Luigi.
How custom size-aware product feeds + Facebook audience targeting tripled revenue for one of Greece's largest fashion eshops — by fixing an out-of-stock problem nobody else was solving.
Users were seeing products they couldn't actually buy
Luigi is one of the largest fashion eshops in Greece. After seven years of operation it employs 45 people, runs an in-house photo studio and design team, and was presented as a success story at the largest Google Retail event ever held in Greece. By spring 2020, every textbook performance lever had already been pulled — landing page tests, audience refinements, creative rotation, bid strategy experiments. The easy wins were gone.
Deep analysis of the eshop data surfaced something subtle but massive: conversion rate could lift by up to 30% if every paid visitor saw only products that were in stock in their specific size. A T-shirt marked "in stock" is, for a size-M customer, effectively out of stock if the remaining inventory is only XL. The product appears available to the system, unavailable to the human — and the gap between those two states was silently killing CR on every fashion ad click.
Standard CRO work could not solve this. Landing page copy, checkout flow, trust badges, discount stacking — none of them address the root issue, which lives upstream in the product feed. The fix required rebuilding how availability is represented per user, then propagating that representation into every Meta audience and creative. That is not a CRO optimization; it is a feed engineering problem.
Per-user size-aware feeds — out of stock at the personal level
We rebuilt the Meta product feed with custom labels encoding size-level availability for every SKU. Instead of one flag per product ("in stock" / "out of stock"), the feed now carries per-size stock state, updated from the live inventory API every 15 minutes. The feed became the source of truth for all downstream ad logic — no more stale assumptions about what was actually buyable.
To match users to the right feed slice, we deployed custom cookies that capture each user's size preference from first-party signals: sizes they filtered by, product pages they viewed in detail, and past purchases. No third-party tracking, no iOS 14.5 fragility — just first-party data captured at the user's own interaction pace. After a small number of sessions, the system has a confident size hypothesis for the user.
On Facebook, audiences were restructured around the intersection of browsing size × product size × live stock. Instead of one ad set per product category, we ran targeted ad sets per size cohort, each pointed at the subset of the catalog that was actually purchasable for that cohort in that moment. Dynamic creative adapted to the cohort, and the CRO lever moved from landing-page tweaks into feed architecture — where the real leverage was.

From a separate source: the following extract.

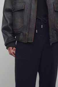 High-waisted, pull-on pant in fluid cashmere flannel with relaxed fit, snap buttons with drawstring waistband, and side seam pockets. More information - 95% Cashmere, 4% Nylon, 1% Elastane - Made in Italy - Style: 8225W3244DRN

Three layers of personalization
Feed Architecture
Rebuilt the Meta product feed with custom labels encoding stock × size combinations, updated every 15 minutes from the live inventory API. The feed became the source of truth for all ad targeting logic — stock state changes propagate automatically into creative and audience assignment without manual intervention.
User-Level Size Capture
Custom cookies capture size preference from browsing patterns (sizes filtered, products viewed in detail) and past purchases. First-party data only, fully compatible with iOS 14.5 and cookieless futures. After a handful of sessions the system has a confident hypothesis about which size cohort the user belongs to.
Targeted Ad Sets
Restructured Meta campaigns around size cohorts × product availability. Each user sees only the subset of the catalog that is actually purchasable in their size at that moment. Dynamic creative adapts accordingly, so the ad itself feels relevant, not just available.
The Results
Revenue Growth
Revenue tripled in the Spring-Summer 2020 window — a step change that no amount of vanilla CRO work could have produced. The lift came from eliminating the hidden out-of-stock problem that silently capped CR for every fashion ad click.
Conversion Rate
Site-wide CR lifted 21%, close to the 30% theoretical ceiling identified in analysis. The remaining gap is legitimate: stock levels fluctuate between refreshes, and not every user has a stable size preference the system can lock onto yet.
Transactions
Transaction volume grew 174% — the compound effect of higher CR multiplied by higher qualified traffic from better-targeted ads. Each improvement amplified the other, which is the hallmark of fixing a root-cause problem instead of a symptom.
Feed Refresh Interval
Product feed refresh interval — tight enough that stock changes propagate to ads before they can drive a frustrated click. Below 15 minutes the infrastructure cost stops being worth it; above, the CR gain starts eroding.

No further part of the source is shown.